Changes necessary to support SEPARATE_NOBITS_REGION feature

Since BL31 PROGBITS and BL31 NOBITS sections are going to be
in non-adjacent memory regions, potentially far from each other,
some fixes are needed to support it completely.

1. adr instruction only allows computing the effective address
of a location only within 1MB range of the PC. However, adrp
instruction together with an add permits position independent
address of any location with 4GB range of PC.

2. Since BL31 _RW_END_ marks the end of BL31 image, care must be
taken that it is aligned to page size since we map this memory
region in BL31 using xlat_v2 lib utils which mandate alignment of
image size to page granularity.

Change-Id: I3451cc030d03cb2032db3cc088f0c0e2c84bffda
Signed-off-by: Madhukar Pappireddy <madhukar.pappireddy@arm.com>
diff --git a/lib/el3_runtime/aarch64/cpu_data.S b/lib/el3_runtime/aarch64/cpu_data.S
index 2edf225..2392d6b 100644
--- a/lib/el3_runtime/aarch64/cpu_data.S
+++ b/lib/el3_runtime/aarch64/cpu_data.S
@@ -1,5 +1,5 @@
 /*
- * Copyright (c) 2014-2016, ARM Limited and Contributors.
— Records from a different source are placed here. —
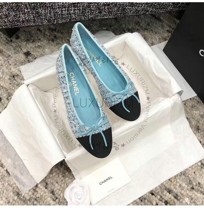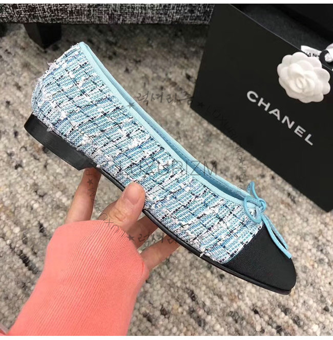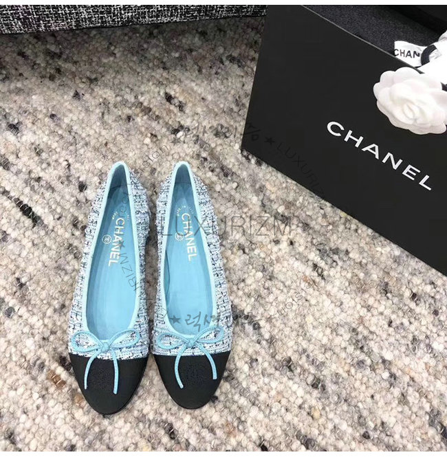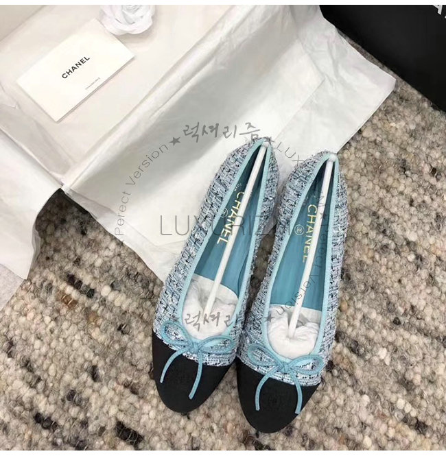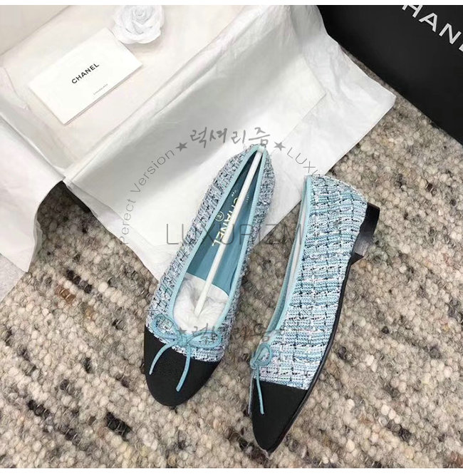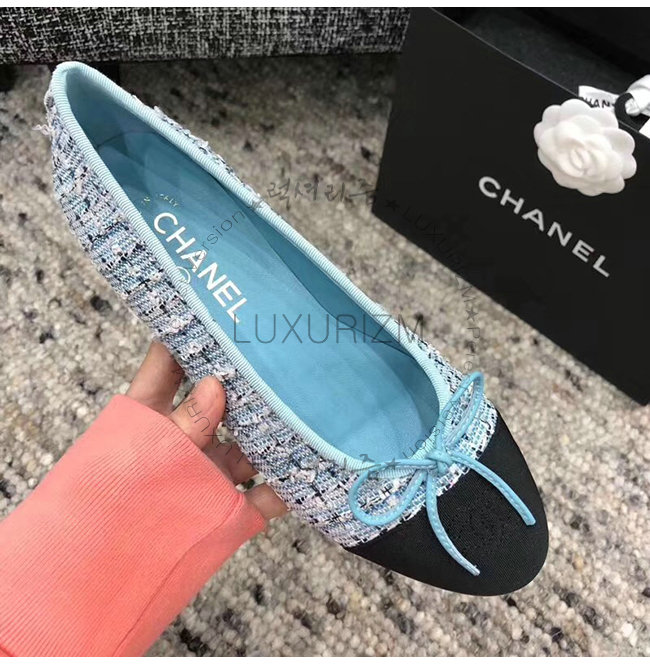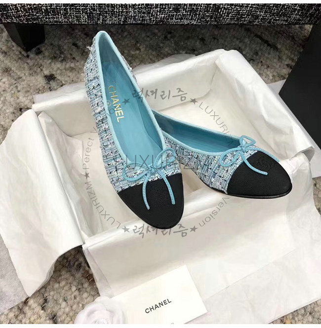 CHANEL-G02819 샤넬 블루 트위드 그로그랭 플랫 슈즈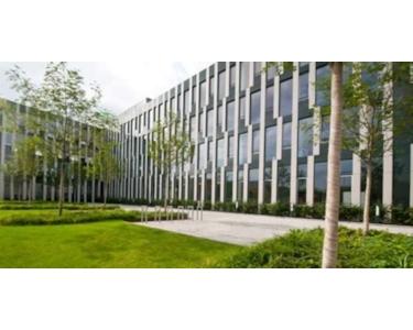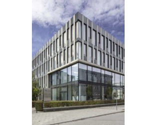 Das dreigeschossige Bürohaus beeindruckt mit seiner einzigartigen Architektur und der durchdachten Gestaltung. Die interessant gegliederte Fassade aus Glasfaserbeton-Elementen, eingefärbten Glaspaneelen und großzügigen Fensterflächen verleiht dem Gebäude seinen besonderen Reiz. Der u-förmige Grundriss schafft einen fast atriumartigen Grünbereich mit integrierten Parkplätzen. Betonkernaktivierung in den Zwischendecken sorgt für eine effiziente Kühlung und Beheizung der Räume. Sämtliche Räume sind flexibel teilbar, um individuelle Anforderungen zu erfüllen.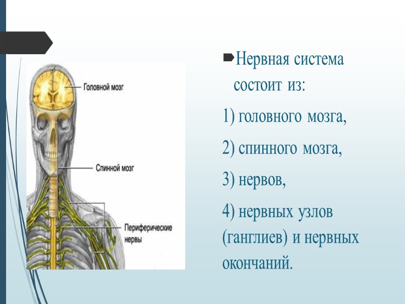 Нервная система состоит из: 1) головного мозга, 2) спинного мозга, 3) нервов, 4) нервных узлов (ганглиев) и нервных окончаний.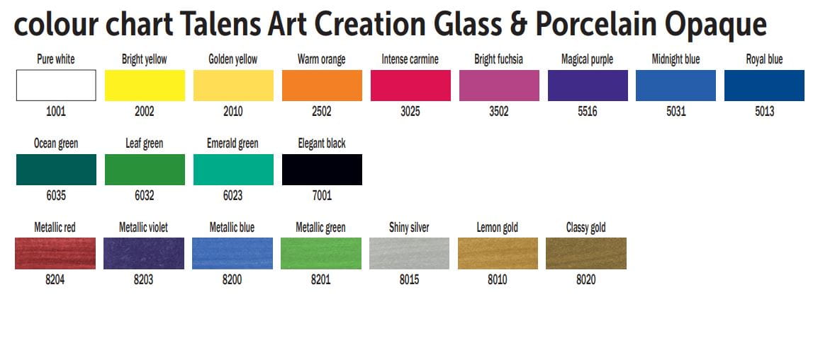 Dekorowanie szkła i porcelany to świetna zabawa i możesz stworzyć najbardziej uderzające i modne dekoracje do swojego domu. Glass & Porcelain Opaque to kryjąca farba do stosowania na szkle, porcelanie i ceramice, dostępna w 20 kolorach. Ponieważ farba nie jest przezroczysta, jest stosowana głównie do porcelany i ceramiki, ale może również nadać Twoim szklanym przedmiotom niezwykłe efekty. Zmień zwykłe szklane i porcelanowe przedmioty i dodaj własne akcenty za pomocą kropek, linii, rysunków i wzorów w żywych kolorach! Wyłącznie do celów dekoracyjnych. Farbę należy nakładać przy użyciu gąbki, płaskiego pędzla lub patyczków do tworzenia kropek. Pozostaw farbę do wyschnięcia na 45 minut i utrwal następnie pracę w piekarniku.

All rights reserved.
+ * Copyright (c) 2014-2020, ARM Limited and Contributors. All rights reserved.
  *
  * SPDX-License-Identifier: BSD-3-Clause
  */
@@ -41,7 +41,8 @@
 func _cpu_data_by_index
 	mov_imm	x1, CPU_DATA_SIZE
 	mul	x0, x0, x1
-	adr	x1, percpu_data
+	adrp	x1, percpu_data
+	add	x1, x1, :lo12:percpu_data
 	add	x0, x0, x1
 	ret
 endfunc _cpu_data_by_index